Spencer miró al jefe de seguridad.
—¿Está seguro de que descubrirá la identidad del paciente gracias a tenerle pinchado el móvil?
Kurt se limitó a asentir con un gesto.
—Entonces, confiemos en que así sea —añadió Spencer—. También insistiremos en la promesa de confidencialidad.
—De acuerdo —dijo Paul—. Por cierto, ahora que lo hemos mencionado. ¿Dónde está el doctor Lowell?
—Está en la cafetería —respondió Kurt. Miró el monitor número doce—. Al menos, estaba allí hace unos minutos.

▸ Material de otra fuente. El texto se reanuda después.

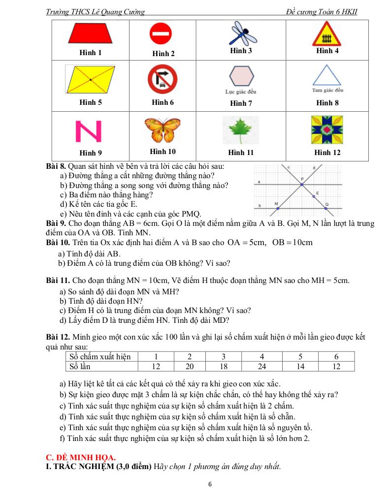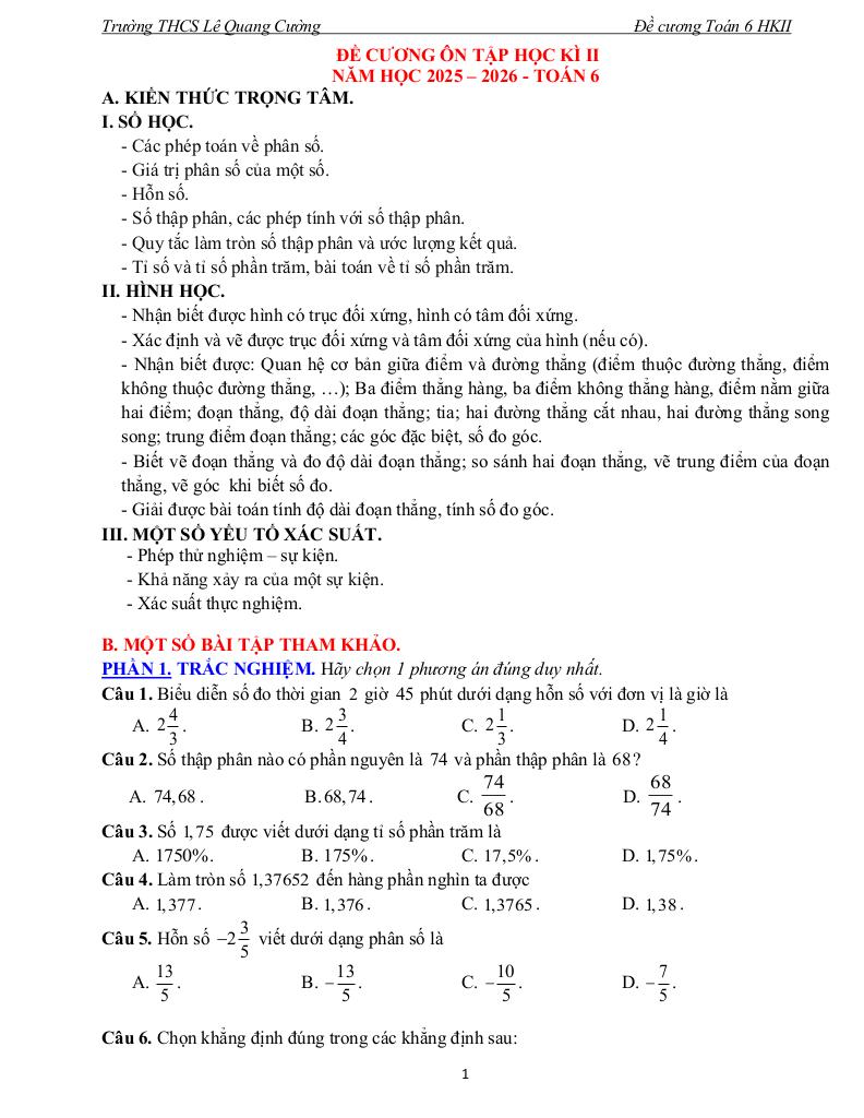 giaitoan.edu.vn giới thiệu đến quý thầy, cô giáo và các em học sinh đề cương ôn thi cuối học kì 2 môn Toán 6 năm học 2025 – 2026 trường THCS Lê Quang Cường, thành phố Hồ Chí Minh.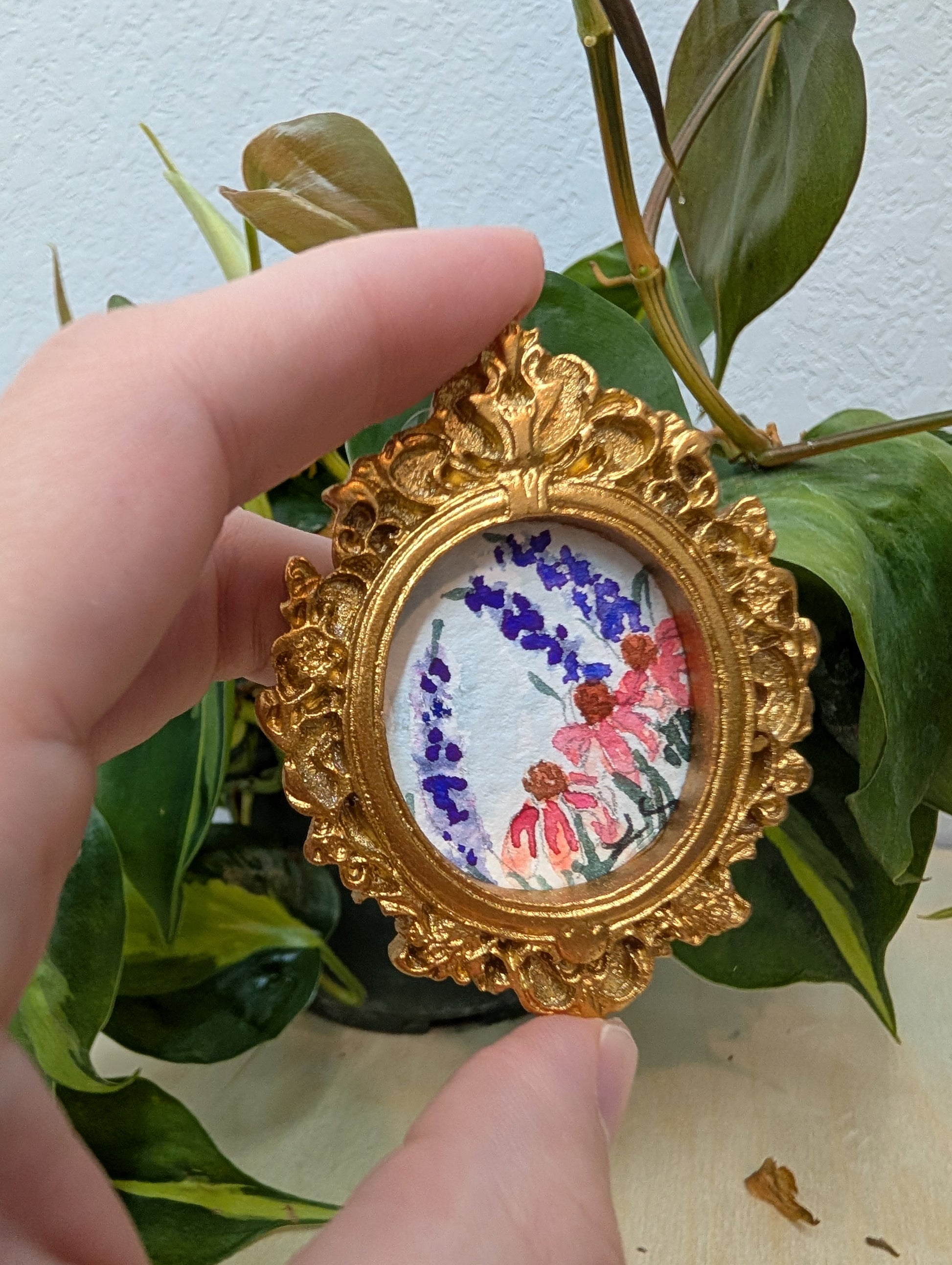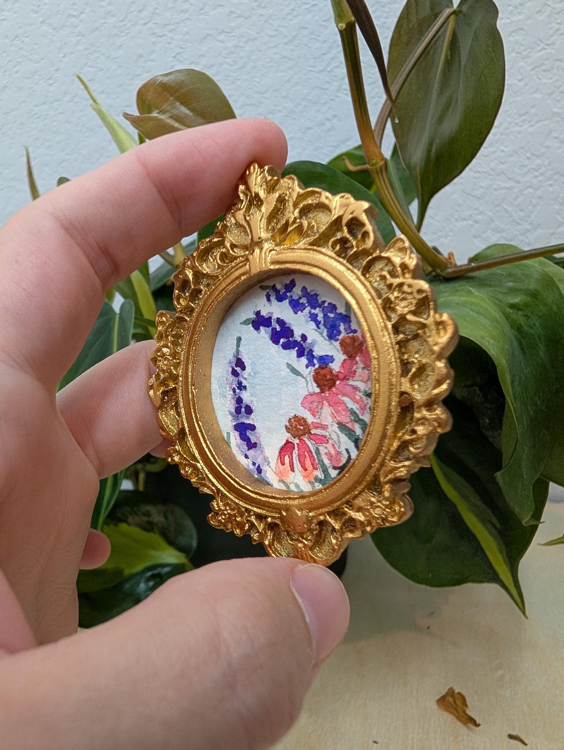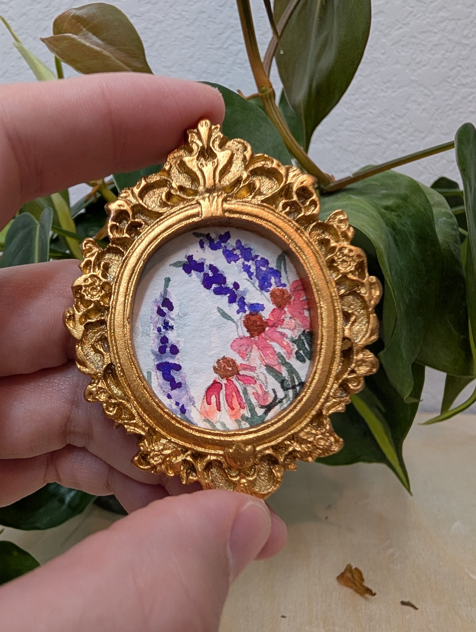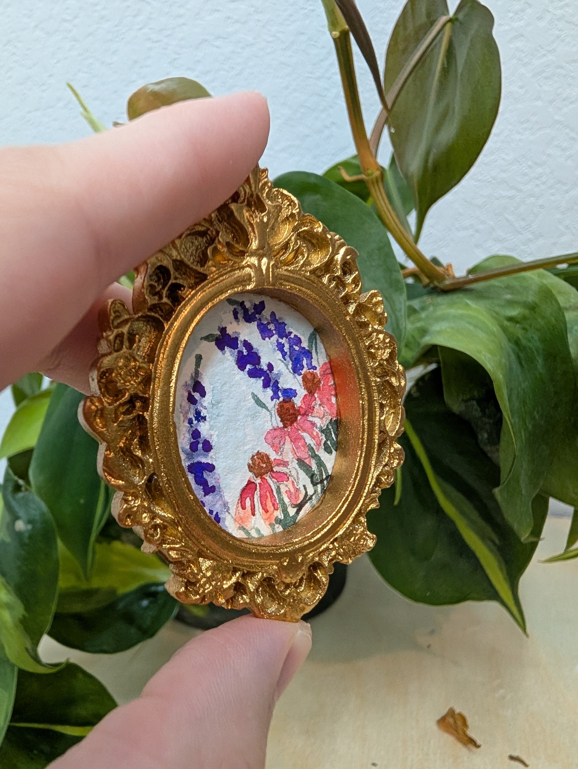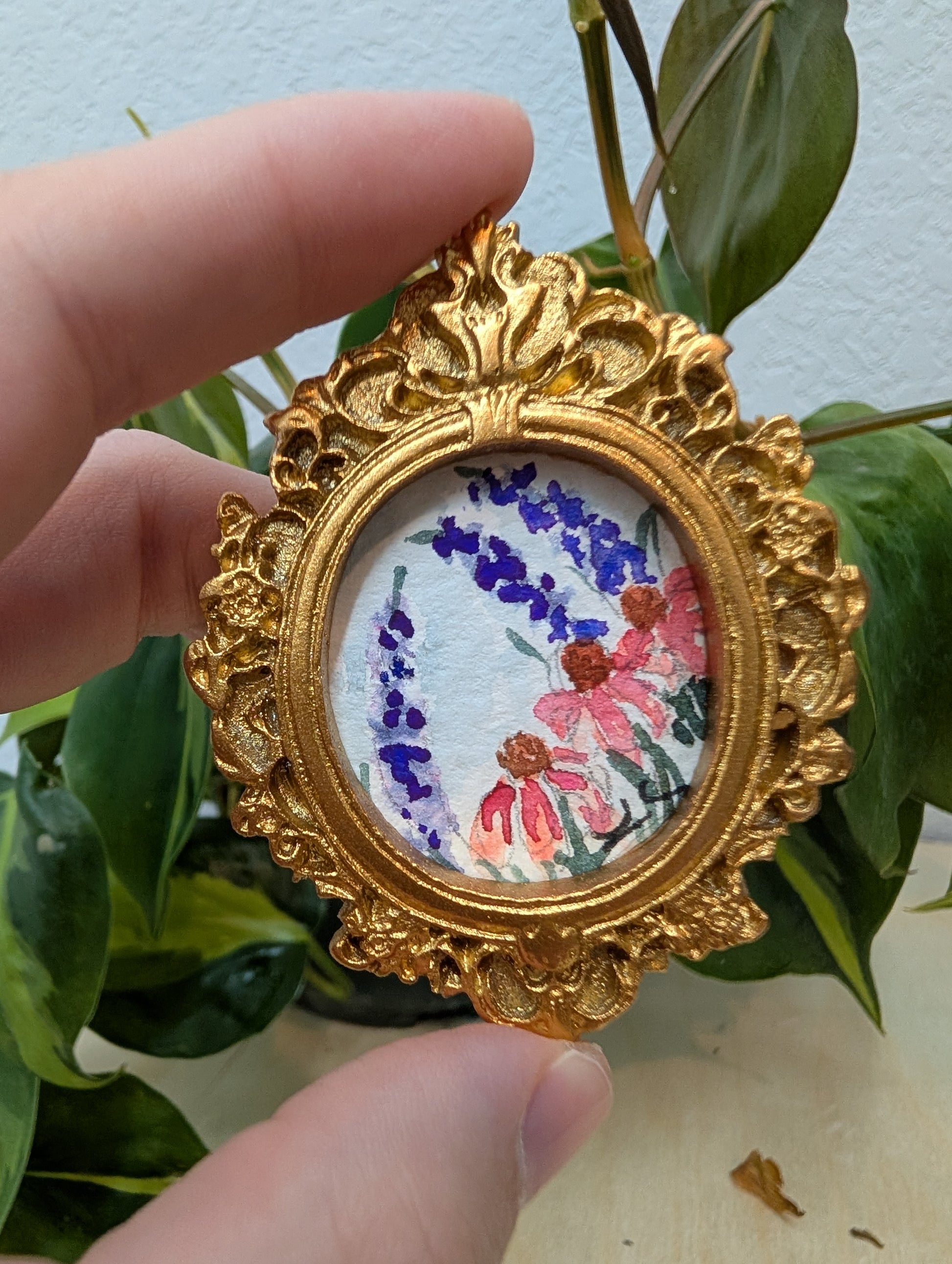 These make great gifts for any miniature enthusiast! It comes in the little gold frame, and has a tag hanger on the back.
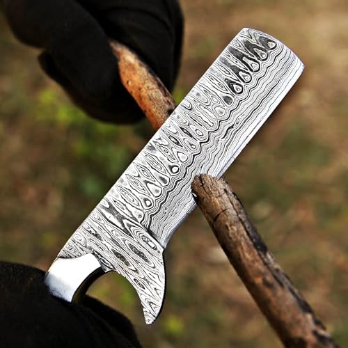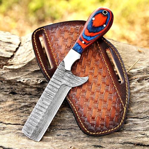 Each knife is individually handcrafted with a distinct Damascus steel pattern, giving it both functional excellence and collectible value. Full tang construction, premium handle materials, and a genuine leather sheath make this knife a high-quality outdoor companion and a perfect gift for hunters and campers.
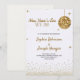 Elegant New Year's Eve wedding invitation with a gold sequin disco ball and stars. The text is in gold and black, set against a white background with a gold confetti border. The back is plain with a subtle textured pattern.
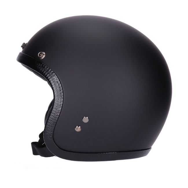 JETTson is the Jett's more serious; distinguished sibling. A premium plush lined openface helmet with a comfortable; firm fit that feels just right! Like a good pair of boots; the JETTson goes with anything; anywhere. It looks as good heading into in the city for work; as it does a cross-country road trip with friends. The helmet is made of `RQ LIGHT' fiberglass shell with a multi-density EPS liner and in four shell sizes for the closest possible fit. Features a classic double D-ring adjustable chinstrap with Microtech fleece padding; premium brass integrated visor/shield snaps; ECE-R22.06 approval and microtech fleece comfort lining with premium leather detailing. Including a removable black peak. Also bubble visors separately available in several colours.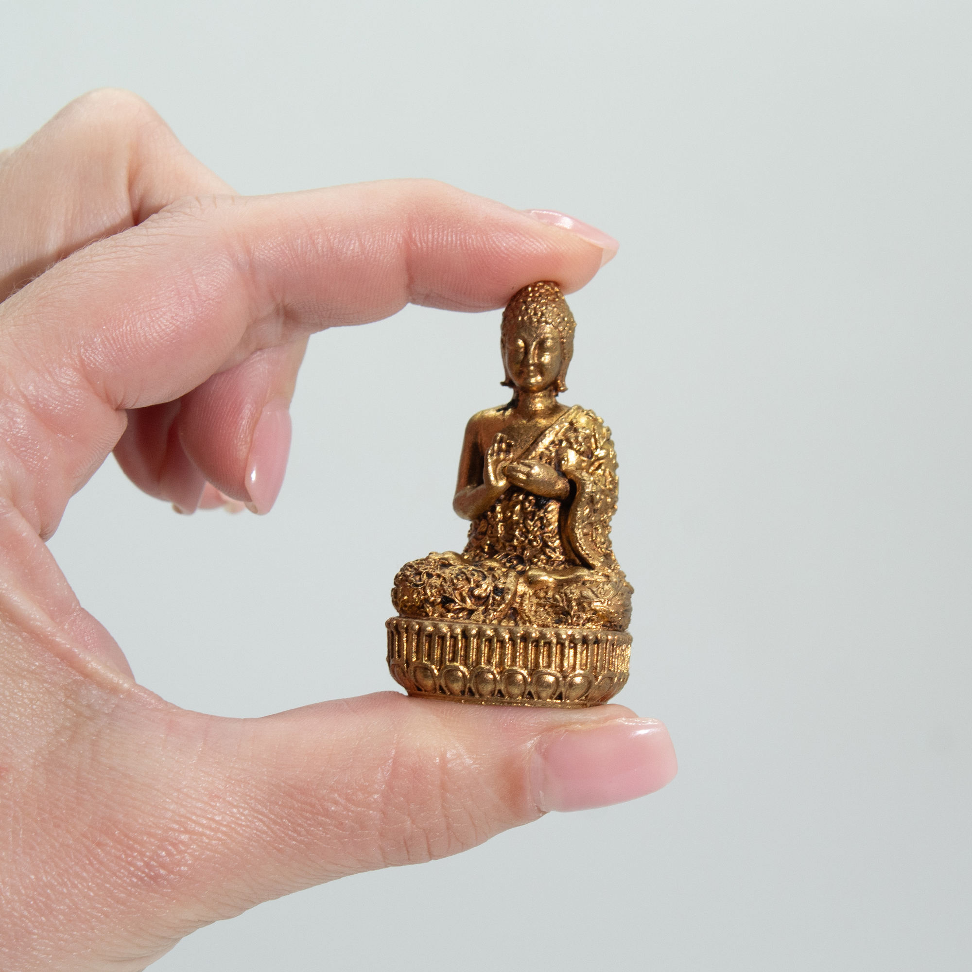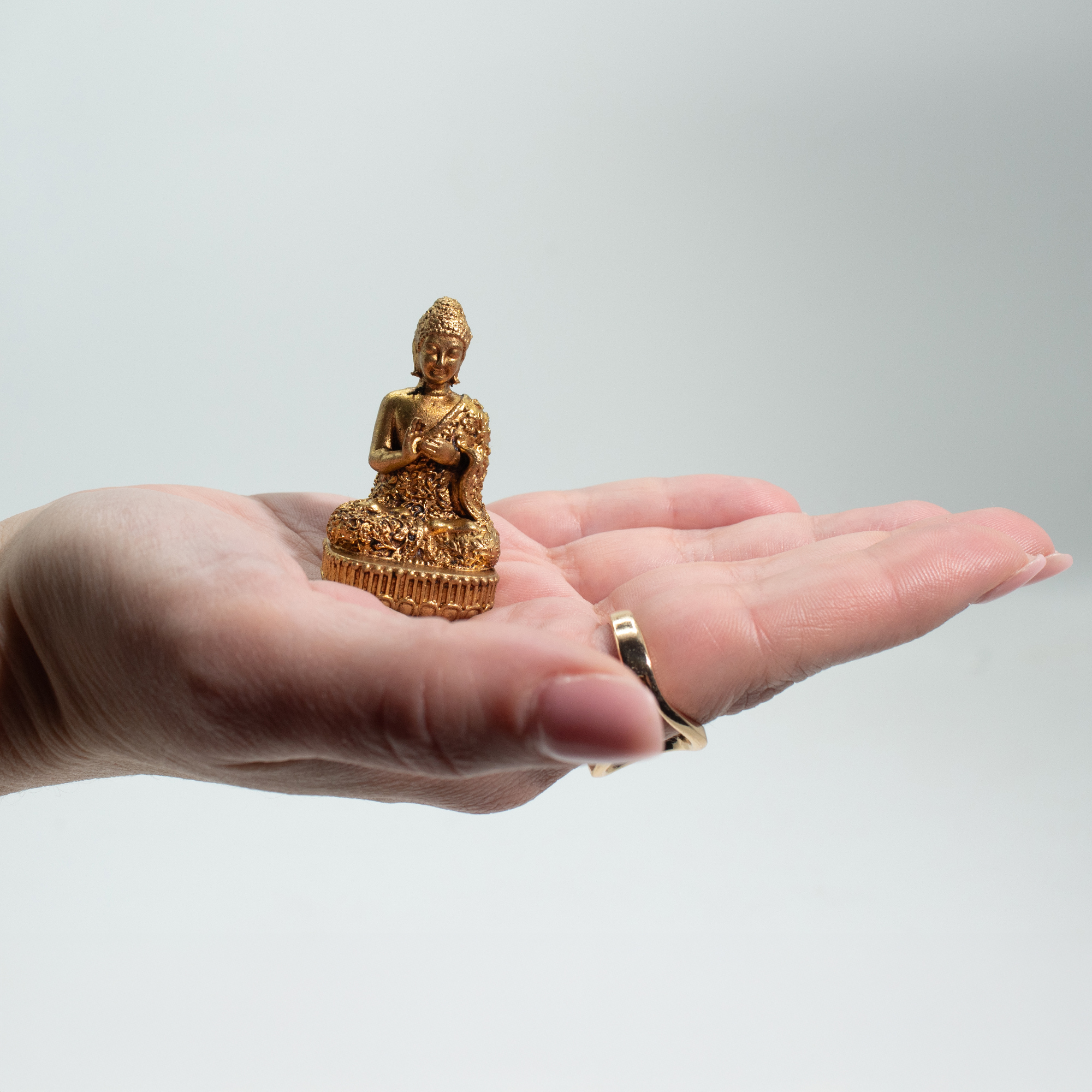 Le Bouddha Miniature en Laiton est une figure finement travaillée en laiton massif, alliant détails traditionnels et taille compacte et polyvalente. Mesurant 48 mm pour un poids de 60 g, il dégage une impression de qualité rassurante, tout en s’adaptant parfaitement aux petites étagères, bureaux, autels ou coins de méditation.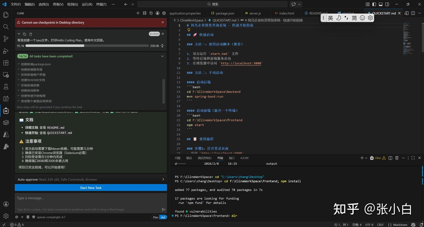 三、使用VSCode+cline+GLM CodingPlan开发APP范例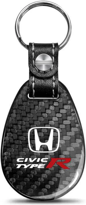 Honda Civic Type R Real Black Carbon Fiber with Leather Strap Large Tear Drop Key Chain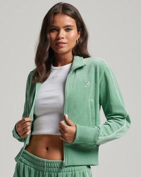 USP: Elevate your noughties style with our Code S Logo Velour top, an ideal choice for lovers of all things y2k. Finished with ribbed panelling and pocket detailing, this piece is not only bang on trend but also designed with comfortability and practicality in mind. Relaxed fit â the classic Superdry fit. Not too slim, not too loose, just right. Go for your normal size, Zip up, Stripe detail over shoulders and arms, Two exterior pockets, Superdry embroidered logo and patch.

—Creo que es significativo que la doctora D’Agostino estuviese sola cuando entró en la sala de los huevos —opinó Paul.
—¿Por qué? —preguntó Spencer.
—Tengo la casi seguridad de que el doctor Lowell no sabía nada de lo que ella estaba haciendo.
—Es probable que estés en lo cierto.
—El doctor Lowell va hacia el laboratorio —informó Kurt. Señaló el monitor, y los directores miraron la pantalla. Daniel caminaba a paso rápido por el camino que iba del edificio tres al uno, con una mano apoyada en el bolsillo de la camisa donde llevaba varios bolígrafos y lápices. Llegó al edificio uno y entró.
—¿Cuál es el monitor del laboratorio? —preguntó Paul. Kurt se lo señaló. Todos miraron mientras Daniel aparecía por la izquierda de la pantalla. Spencer comentó que parecía estar buscando a Stephanie. Kurt utilizó el mando para seguirlo. Después de acercarse al banco que tenían asignado, Daniel fue a mirar en el despacho. Incluso asomó la cabeza en el tocador de señoras. Luego se dirigió directamente al despacho de Megan Finnigan.
—Creo que hubiese ido a la sala de los huevos si supiese que estaba allí —apuntó Paul.
—Me parece que estás en lo cierto.
Paul cogió el teléfono y marcó el número de la extensión de Megan.
—Le diré a la supervisora dónde podrá encontrar el doctor Lowell a su colaboradora.
—Si no es alguna otra cosa —manifestó Spencer despectivamente—. No acabo de entenderla. Dígame, Kurt, ¿cómo consiguió entrar en la sala?
—Utilizó la tarjeta de identificación de la clínica. El acceso aún no está restringido, aunque se pedía que lo estuviese en la lista que presenté a la administración hace un mes.
—Eso es culpa mía —admitió Paul mientras colgaba el teléfono después de su breve conversación con Megan Finnigan—. Lo olvidé con todo el ajetreo de poner la clínica en marcha. Además, no teníamos previsto alquilar el laboratorio a extraños, y ni por un momento lo recordé cuando se presentaron los doctores Lowell y D’Agostino.
—Vayamos a charlar con la hermosa doctora D’Agostino antes de que se presente el doctor Lowell —propuso Spencer y se levantó—. Quizá ayude a facilitar la negociación. Kurt, quiero que por el momento se mantenga apartado.
Los dos médicos salieron al pasillo para dirigirse hacia la celda.
—No deja de ser una situación complicada —susurró Spencer—. Pero desde luego es mucho mejor de lo que me temía cuando vinimos aquí deprisa y corriendo.